Ethereum's cryptocurrency ether rose 35% in March, Kraken said.

Dado Ruvic/Reuters

Ethereum's cryptocurrency ether is at a fork in the road and faces a big test in climbing above $2,700, according to analysts at crypto exchange Kraken.

Kraken analysts, led by Pete Humiston, said in a review of the market on Wednesday that ether had jumped 35% and outperformed bitcoin's 30% gain in March.

Yet they said: "When looking at historical price action, ETH is at a bit of a fork in the road." The world's second-biggest cryptocurrency stood at around $1,990 on Thursday morning.

Kraken said on Wednesday that chart analysis suggested ether's next big level of resistance is around $2,700. If it passes this level, it could break into a higher band where the next resistance level is $5,000, the report suggested.

Yet the analysts added that there is a danger ether falls below the key support level of around $1,460, in which case it could drop into a lower trading band where the lower support level is $990.

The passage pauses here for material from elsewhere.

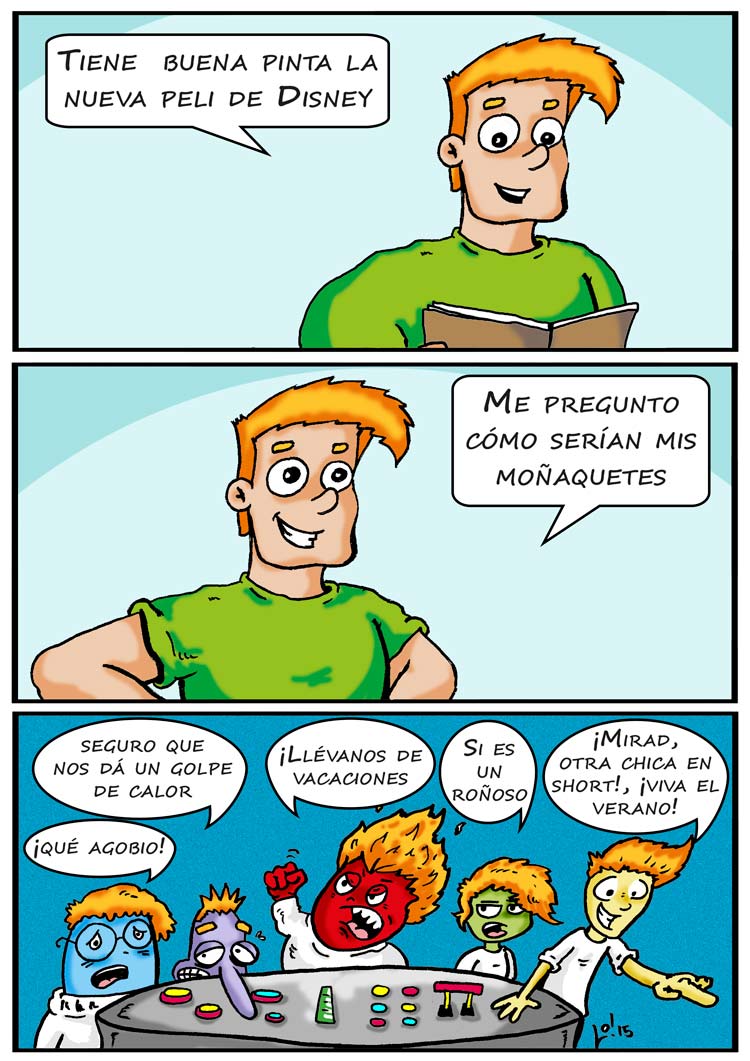 En la tira número 94 ‘Willy, extra de cine y friki’. Nuestro amigo Willy que es un amante del Universo de Pixar Studios, aguarda con entusiasmo el estreno de ‘Del revés (Inside Out)’ mientras se imagina cómo funciona su cerebro, dirigido por peculiares muñecos / emociones.

However, cryptocurrencies' wild volatility means movements are hard to predict and makes technical analysis difficult.

Kraken's report also said that the second quarter has historically been a good one for ether, which is yet to see a negative return in the period.

Ether has shot up more than 1,000% over the last year as interest in cryptocurrencies has boomed. It touched an all-time high of around $2,150 earlier in April and has traded around $2,000 over the last week.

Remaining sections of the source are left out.